Джеймс почувствовал, что краснеет. По мере того как прикосновения Гайуш становились всё менее дружескими, то есть, в общем-то, всё более откровенными, он как-то забыл, что первоначально хотел сказать. Потому что как-то… ну, другими мыслями и чувствами это сменилось. Ловкие пальцы джи-лай, в пятнах пыли, мазута и высохшего на клапанах охладителя, расстёгивали его куртку, что тут можно сказать? Что совершенно не против? Ну не вздыхать же, что как-то рассчитывал, в постельных утехах, на существо без члена, да что ж теперь. Собственное тело недвусмысленно заявляло, что миловидное лицо, красивая грудь и чувствующийся в углубляющихся ласках темперамент для него вполне компенсируют то, что там шевелится у неё под одеждой. Точнее, не совсем верно именно так говорить… не недостаток же это, в самом деле…
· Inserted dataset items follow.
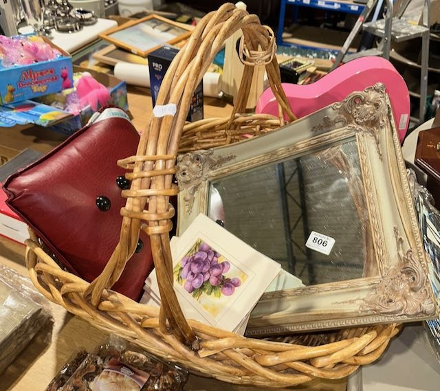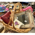 Large Wicker Basket + Shabby Chic Mirror + Leather Cushion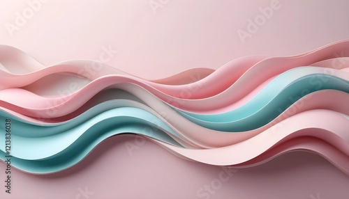 Abstract Pastel Waves A Serene Flow of Pink, Peach, and Blue Hues with Smooth Fluid Textures on a Minimalist Background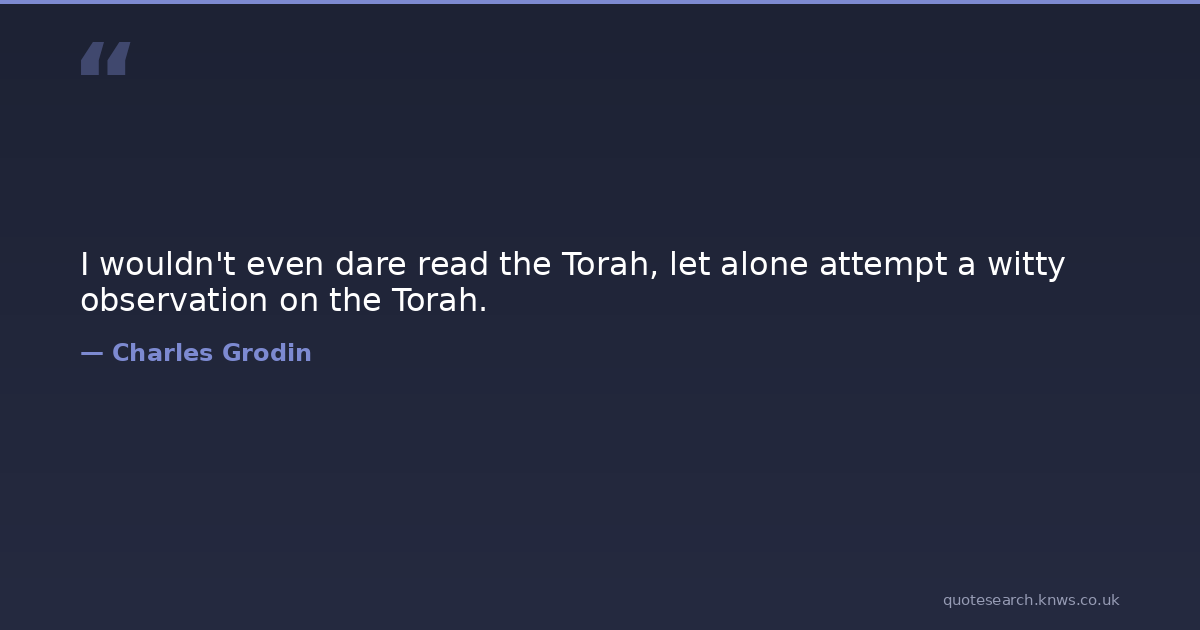 I wouldn't even dare read the Torah, let alone attempt a witty observation on the Torah. Witty Observation Dare Download Image Share on X Share on Facebook Copy Link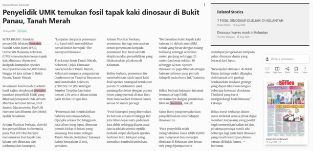 Bernama (2020) Penyelidik UMK temukan fosil tapak kaki dinosaur di Bukit Panau, Tanah Merah. Utusan Borneo (Sarawak). |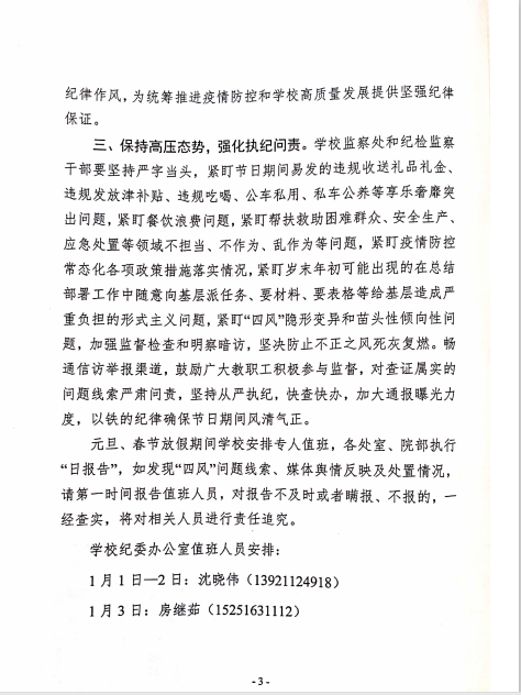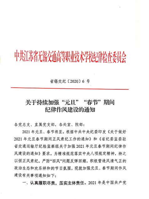 关于持续加强“元旦”“春节”期间 纪律作风建设的通知

Сильные руки девушки увлекли его в сторону от отверстия в обшивке, в укромный тёмный угол, почти уютный, если б не торчащие там-сям детали и некоторую запылённость.
- Выбрали мы, конечно, и место, и время… Как по мне, правда, и место, и время, и после секса и работается на куда большем подъёме…
- Вот уж не знаю, не слишком ли ты на меня возлагаешь большие надежды…
- Что это у тебя, комплексы? А с чего вдруг?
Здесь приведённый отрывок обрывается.